▶ [What you need to do]
With the pictures set aside, write out all of the data exactly as it stands.

──────── Dataset content ────────

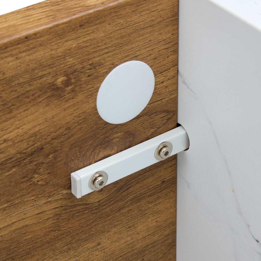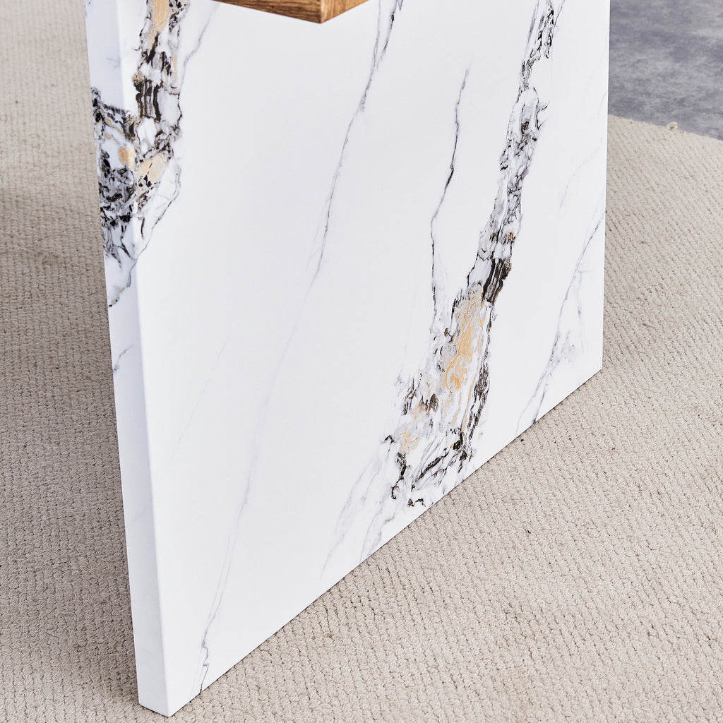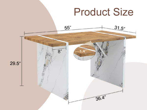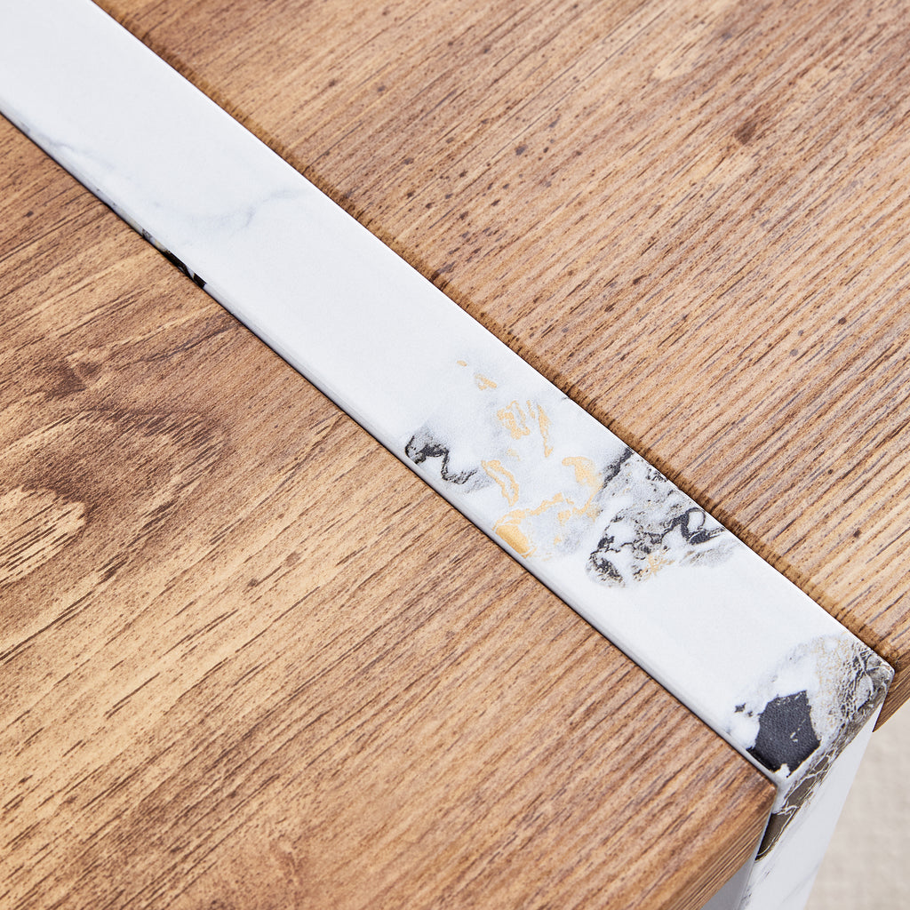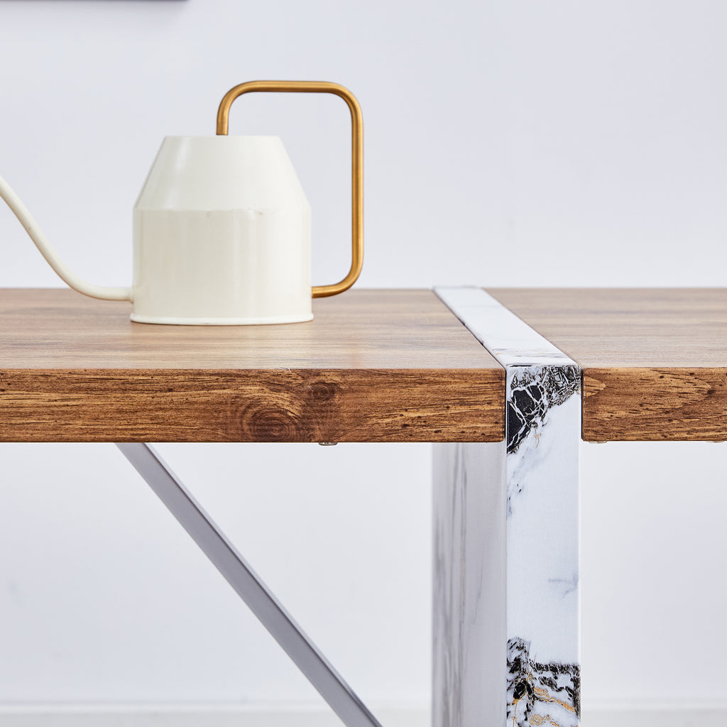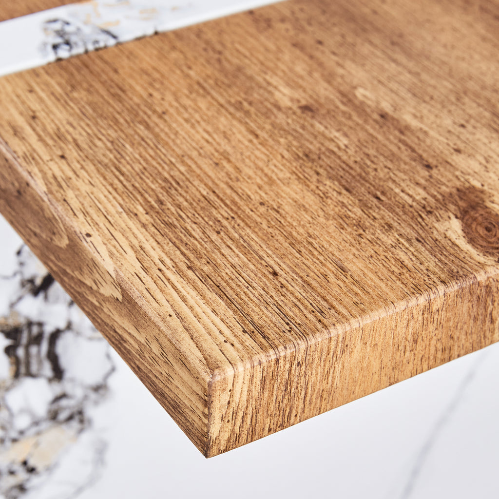 Farmhouse-Meets-Elegance Design – Features a warm wood veneer top paired with sleek marble-style legs, blending rustic charm with modern sophistication
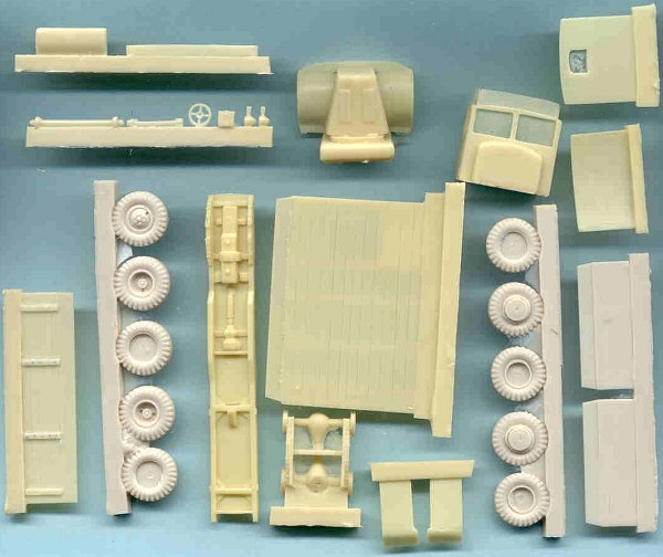 I would rate this as one of the better resin manufacturers of resin softskin models. Cab interior details are included. This model is also sold alone without the AA gun as a normal cargo truck. No canvas tarp is included (commonly not seen on Soviet trucks of the period). I did not check scale consideration but it appears to be 1/72 scale; following assembly we can check for sure if important.
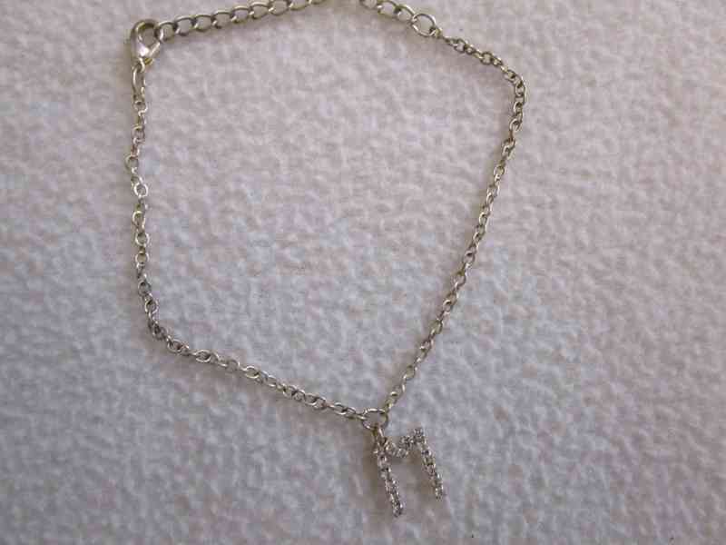 Pěkný náramek s přívěskem M s kamínky, cena jen 39 Kč.

────────

▶ [Answer section]
 Farmhouse-Meets-Elegance Design – Features a warm wood veneer top paired with sleek marble-style legs, blending rustic charm with modern sophistication
 I would rate this as one of the better resin manufacturers of resin softskin models. Cab interior details are included. This model is also sold alone without the AA gun as a normal cargo truck. No canvas tarp is included (commonly not seen on Soviet trucks of the period). I did not check scale consideration but it appears to be 1/72 scale; following assembly we can check for sure if important.
 Pěkný náramek s přívěskem M s kamínky, cena jen 39 Kč.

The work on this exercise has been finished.